Publication information
view printer-friendly version
Source: Medical News
Source type: journal
Document type: editorial
Document title: “Silent?”
Author(s): anonymous
Date of publication: 19 October 1901
Volume number: 79
Issue number: 16
Pagination: 623

 
Citation
“Silent?” Medical News 19 Oct. 1901 v79n16: p. 623.
 
Transcription
full text
 
Keywords
William McKinley (medical care: criticism: personal response).
 
Named persons
none.
 
Document

 

Silent?

     SILENCE may mean reserve, it may mean chagrin, it may mean confusion.
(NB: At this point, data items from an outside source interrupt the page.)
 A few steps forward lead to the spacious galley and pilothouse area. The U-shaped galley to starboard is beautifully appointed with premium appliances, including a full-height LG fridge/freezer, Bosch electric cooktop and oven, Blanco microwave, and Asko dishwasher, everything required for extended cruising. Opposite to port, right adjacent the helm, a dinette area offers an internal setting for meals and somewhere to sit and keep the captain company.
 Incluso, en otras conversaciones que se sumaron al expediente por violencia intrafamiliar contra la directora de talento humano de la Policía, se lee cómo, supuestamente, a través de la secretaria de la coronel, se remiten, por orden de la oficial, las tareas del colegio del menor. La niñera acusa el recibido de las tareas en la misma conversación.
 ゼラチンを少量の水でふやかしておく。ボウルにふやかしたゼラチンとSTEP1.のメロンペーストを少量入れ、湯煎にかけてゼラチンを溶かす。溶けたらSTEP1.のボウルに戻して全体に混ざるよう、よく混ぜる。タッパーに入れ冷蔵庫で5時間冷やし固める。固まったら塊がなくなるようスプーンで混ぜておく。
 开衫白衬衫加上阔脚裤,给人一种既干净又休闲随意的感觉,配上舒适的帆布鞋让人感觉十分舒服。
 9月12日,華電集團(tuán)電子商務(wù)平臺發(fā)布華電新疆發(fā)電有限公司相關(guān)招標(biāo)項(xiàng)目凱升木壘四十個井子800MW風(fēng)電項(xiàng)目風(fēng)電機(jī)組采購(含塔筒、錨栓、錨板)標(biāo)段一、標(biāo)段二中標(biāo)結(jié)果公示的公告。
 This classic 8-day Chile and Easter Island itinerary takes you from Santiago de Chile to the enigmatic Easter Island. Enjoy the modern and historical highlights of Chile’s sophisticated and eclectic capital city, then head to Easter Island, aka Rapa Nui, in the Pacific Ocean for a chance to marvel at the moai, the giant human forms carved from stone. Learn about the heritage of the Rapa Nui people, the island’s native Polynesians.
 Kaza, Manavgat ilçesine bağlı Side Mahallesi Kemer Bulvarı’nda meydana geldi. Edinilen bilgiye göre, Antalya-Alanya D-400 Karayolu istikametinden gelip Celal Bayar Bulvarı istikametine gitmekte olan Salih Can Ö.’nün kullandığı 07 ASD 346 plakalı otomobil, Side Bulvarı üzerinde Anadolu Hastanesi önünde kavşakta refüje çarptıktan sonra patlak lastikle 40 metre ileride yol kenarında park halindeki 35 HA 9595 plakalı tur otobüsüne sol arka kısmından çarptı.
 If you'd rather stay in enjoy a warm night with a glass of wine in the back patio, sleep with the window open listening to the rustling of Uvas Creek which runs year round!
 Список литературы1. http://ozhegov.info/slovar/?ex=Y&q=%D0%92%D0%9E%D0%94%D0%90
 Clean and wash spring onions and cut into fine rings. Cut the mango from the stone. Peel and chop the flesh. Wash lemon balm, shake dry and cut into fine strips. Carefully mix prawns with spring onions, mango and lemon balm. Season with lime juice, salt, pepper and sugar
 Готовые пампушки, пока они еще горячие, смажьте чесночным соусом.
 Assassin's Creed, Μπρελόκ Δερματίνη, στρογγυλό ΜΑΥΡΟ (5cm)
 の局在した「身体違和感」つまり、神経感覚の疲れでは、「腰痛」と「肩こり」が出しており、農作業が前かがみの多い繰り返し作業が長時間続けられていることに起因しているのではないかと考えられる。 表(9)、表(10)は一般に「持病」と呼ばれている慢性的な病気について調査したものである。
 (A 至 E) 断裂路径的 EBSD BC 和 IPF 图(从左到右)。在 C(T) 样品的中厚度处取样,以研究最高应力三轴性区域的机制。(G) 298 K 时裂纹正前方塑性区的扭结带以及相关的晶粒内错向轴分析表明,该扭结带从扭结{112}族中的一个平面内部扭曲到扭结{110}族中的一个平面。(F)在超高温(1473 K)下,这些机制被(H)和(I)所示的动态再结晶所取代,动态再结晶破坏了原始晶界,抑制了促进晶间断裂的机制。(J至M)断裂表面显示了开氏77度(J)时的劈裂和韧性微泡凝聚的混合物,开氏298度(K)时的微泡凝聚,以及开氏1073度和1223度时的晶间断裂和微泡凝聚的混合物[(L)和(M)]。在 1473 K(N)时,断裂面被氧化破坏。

The gentlemen who did not hesitate to criticise the President’s physicians and to offer post hoc suggestions as to what might have been done, have kept strangely silent for the last fortnight. There have been no further confidences to the daily press concerning errors in judgment, nor slurs upon the attending surgeons, neither have there been any words of apology, nor any signs of appreciation that their attacks were uncalled for and out of keeping with the dignity of the profession.
     It is needless to say that the physicians of the State and country have stood by the President’s physicians and that they in turn have appreciated the united spirit of the medical press in condemning those who so unexpectedly and unwarrantably heaped criticisms upon them.
     Before the evidence was all in if praise was not forthcoming, silence would have been the more noble part, but since the oracles were so outspoken with such little data, why should they preserve silence now in the presence of the full report?